# Rider Feedback



## Zimmermen (Jul 26, 2016)

Hi... I new to the forum so if this is a stupid question please be kind.
In the rider feedback section I just got 57 bad reports all at once. I know this has to be some kind of glitch or something... I have a 4.81 rating and tons of5 star comments in the past month saying the direct opposite.
Question is: who can see these comments?
Can riders see them? Or are they just for admin and partner?


----------



## ptuberx (Jun 28, 2016)

Zimmermen said:


> Hi... I new to the forum so if this is a stupid question please be kind.
> In the rider feedback section I just got 57 bad reports all at once. I know this has to be some kind of glitch or something... I have a 4.81 rating and tons of5 star comments in the past month saying the direct opposite.
> Question is: who can see these comments?
> Can riders see them? Or are they just for admin and partner?
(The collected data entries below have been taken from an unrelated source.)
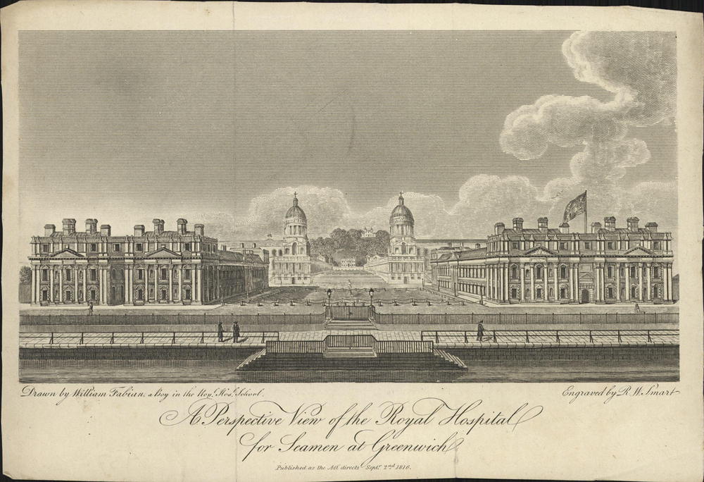 titel midden onder de afbeelding: A perspective view of the Royal Hospital for Seamen at Greenwich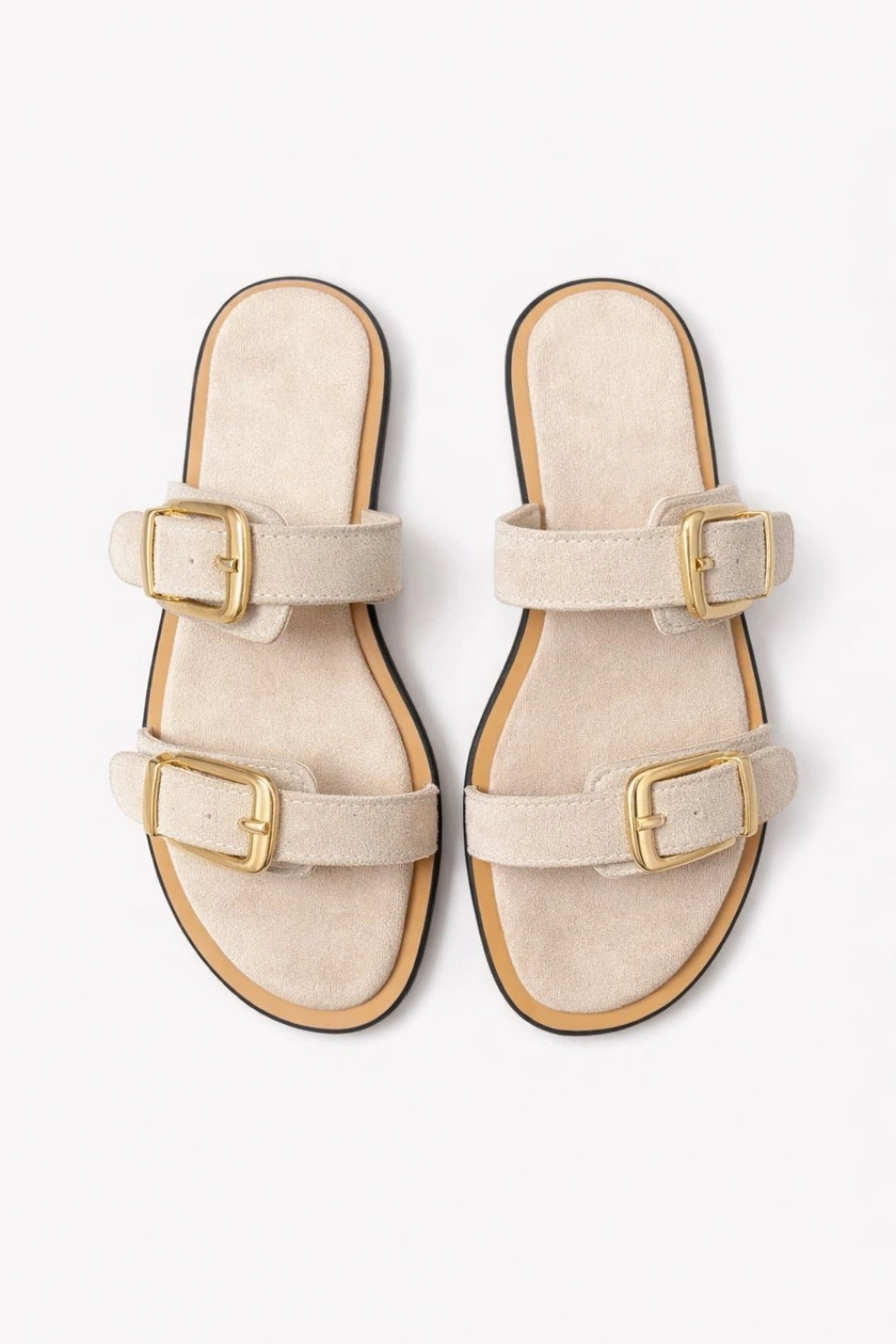 Kadın Bej Süet Çift Biyeli Rahat Taban Terlik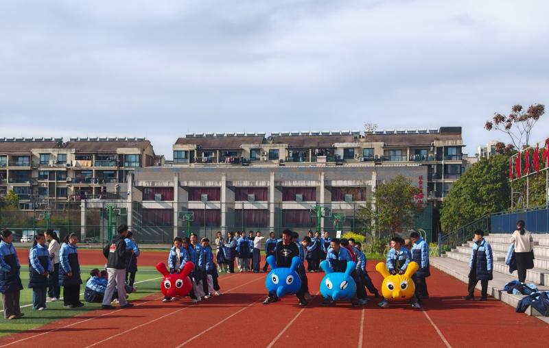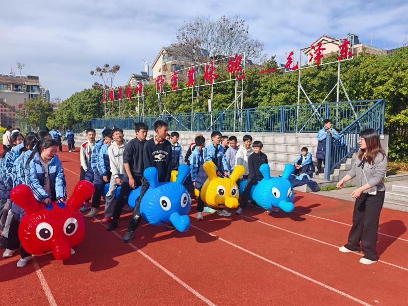 在核心环节充气毛毛虫竞速中,同学们以6人为一组,骑跨充气毛毛虫协同前进。方康老师细致讲解规则、强调安全要点,确保活动有序开展;尹晓倩老师全程观察学生表现,适时引导小组讨论步伐协调、沟通配合、情绪调整等问题,让学生在竞技中体会合作、在互动中学会包容。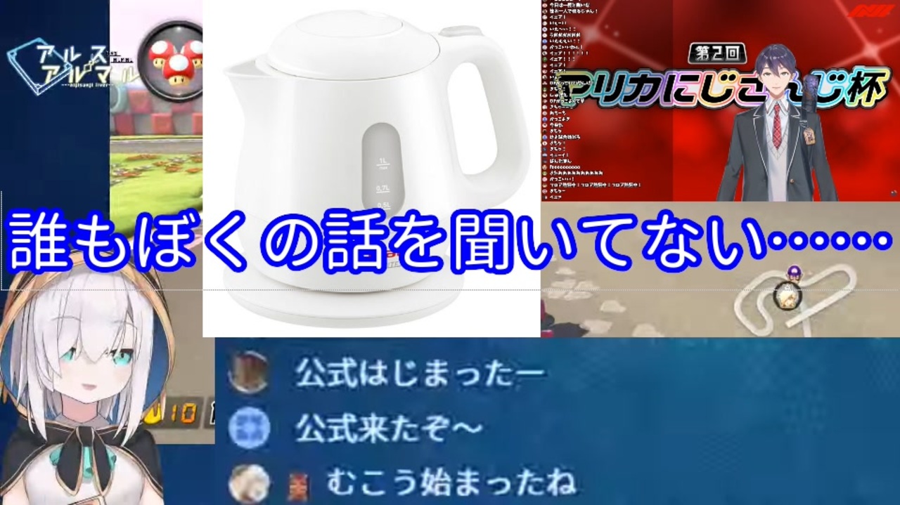 サムネ用にティファールの電気ケトルの画像探したときにビックリしたね。アルスにすげえ似てんだもん。<br><span style="color: #cccccc; font-size: 10px;">ちなみにアルスのこれはマジじゃなくてキレ芸です。念のため。</span><br><br>元動画<br>アルス:【マリオカート8】 #マリカにじさんじ杯 A予選がんばるぞおおお!!!【アルス・アルマル/にじさんじ】<br><a href="https://www.youtube.com/watch?v=mCVWJIqdZzA" target="_blank" rel="noopener nofollow">https://www.youtube.com/watch?v=mCVWJIqdZzA</a><br>大会本放送:第2回マリオカートにじさんじ杯【#マリカにじさんじ杯】<br><a href="https://www.youtube.com/watch?v=RniFgeUbGns" target="_blank" rel="noopener nofollow">https://www.youtube.com/watch?v=RniFgeUbGns</a><br><br>アルス・アルマル<br>YouTube:<a href="https://www.youtube.com/channel/UCdpUojq0KWZCN9bxXnZwz5w" target="_blank" rel="noopener nofollow">https://www.youtube.com/channel/UCdpUojq0KWZCN9bxXnZwz5w</a><br>Twitter:<a href="https://twitter.com/ars_almal" target="_blank" rel="noopener nofollow">https://twitter.com/ars_almal</a><br><br>YouTubeにも投稿しています。<br><a href="https://youtu.be/p92YCbSuZ6c" target="_blank" rel="noopener nofollow">https://youtu.be/p92YCbSuZ6c</a><br><br>今までに投稿したにじさんじの切り抜き→<a href="https://www.nicovideo.jp/mylist/66814260" target="_blank" rel="noopener">mylist/66814260</a>

It must be a glitch in the system. I had 1 negative feedback rating, and overnight it jumped to 67. I'm in the same boat, 4.80 rating, tons of legit 5-star comments left, people always compliment my politeness and how clean my car is, etc. It's bogus... people all over the net today worldwide are complaining about the same issues that happened overnight. I emailed Uber support about mine.


----------



## Horsebm (Jul 21, 2015)

*You better clean up your act.*


----------



## ptuberx (Jun 28, 2016)

Horsebm said:


> *You better clean up your act.*


You better check your rider feedback to make sure that you didn't get 60+ negative issues reported overnight, out of nowhere, without even driving. Take a look around the internet... It's happened to a lot of a drivers as of today worldwide with no explanation. It's a glitch in the system.


----------



## Horsebm (Jul 21, 2015)

*I'm just being sarcastic.

I thought Uber was a technology company, yea sure.*


----------



## ptuberx (Jun 28, 2016)

Ah, gotcha. I agree, there are many obvious plus's to the technology behind what we are doing as drivers and accessibility for customers... but I don't like how often the partner app has to constantly be updated (usually happens to me on Thursdays when something goes sideways), and there is a new fix for a previous bug, but at the same time a new bug shows itself. I hope that the platform gets stabilized at some point, and upgrades are limited to OS and security issues only. How this latest thing happened, I really would like to know, considering that the latest issue with feedback is so blatant, but at the same time it is a different number/rate per driver, but very extreme nonetheless.


----------



## tohunt4me (Nov 23, 2015)

Had the same thing yesterday.

Out of nowhere,bunch of reports.

Today,they are gone

Now it is saying I must have my first rated trip.
I have over 1,000 rated trips.


----------



## tohunt4me (Nov 23, 2015)

Horsebm said:


> *I'm just being sarcastic.
> 
> I thought Uber was a technology company, yea sure.*


"TECHNOLOGY !"

1 JOB UBER.
YOU HAD 1 JOB.


----------



## ptuberx (Jun 28, 2016)

Mine got "fixed" overnight as well. Back to this:


































Negatives are gone except the one "wrong rider" report which never happened but I got nailed on it anyway, but still buggy... no drivers rated me to compare to anymore. Um, ok...


----------



## tohunt4me (Nov 23, 2015)

ptuberx said:


> Mine got "fixed" overnight as well. Back to this:
> 
> View attachment 50766
> 
> ...


Exactly what I have !

"TECHNOLOGY! "


----------



## ptuberx (Jun 28, 2016)

tohunt4me said:


> Exactly what I have !
> 
> "TECHNOLOGY! "


Ha ha ha


----------



## Bill Collector (Dec 17, 2015)

All the comments past last 3 months are gone! I was planning on reminiscing my Uber days when I retire by reading those nice comments. Total of 11 remain; I used to have 30+ glowing comments!


----------



## tohunt4me (Nov 23, 2015)

Bill Collector said:


> All the comments past last 3 months are gone! I was planning on reminiscing my Uber days when I retire by reading those nice comments. Total of 11 remain; I used to have 30+ glowing comments!


UBER WILL STEAL YOUR SOUL !


----------